As an award-winning wedding DJ in Washington DC, our DC Wedding Blog is designed to help not only those couples who are planning their DC Wedding but anyone who might be looking for answers to their particular event planning problem.
This article is one in a series of articles that answers the Top 50 Wedding Questions couples have when planning their wedding. If you’d like to see more articles in this series click here to be taken to our main blog page.
How much contingency do I need in my wedding budget?
Lots of couples have no idea how much a wedding costs, which is only natural if you haven't planned a big event, done any research, or chatted frankly about it with married friends.
If you know your parents want to contribute to your wedding, try to have the money conversation with them early on. That way, you’ll know how much you have to work with, and if they want their money to cover specific items (like your dress or the wine, for example), or if there are any other caveats to them contributing.
Traditionally the parents of the couple covered virtually the entire cost of the wedding.
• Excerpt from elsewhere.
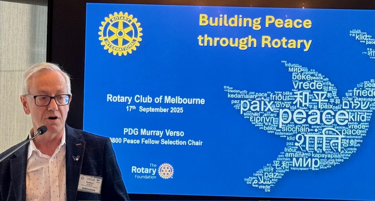Murray also described complementary Rotary initiatives: Peace Builder Clubs and Districts, Peace Poles in schools and public spaces, the Peace Park in Melbourne, and the Peace Bells project, which symbolise and encourage reflection and peace education in local communities.

Now, however, more and more couples are getting married later and have often are far more established in terms of their career. The more common wedding budget has the couple paying for one-third of the cost with the parents splitting the balance.
Shave 12.5% off your total budget
Once you've decided how much you can afford to spend on your DC wedding, no matter how great or small that figure is, shave a hefty contingency off it.
12.5% is a good amount, but if you know you tend to overspend, 15% might be savvier, or if you're good at sticking to budgets and chasing down deals, 10% might do the trick.
If you've decided you have $30,000 total to spend on your wedding, from now on pretend you have $26,250 and plan accordingly with that as your new working budget - that way, the money is there as a back-up for any unexpected costs (or if your dream dress happens to be $500 over-budget!).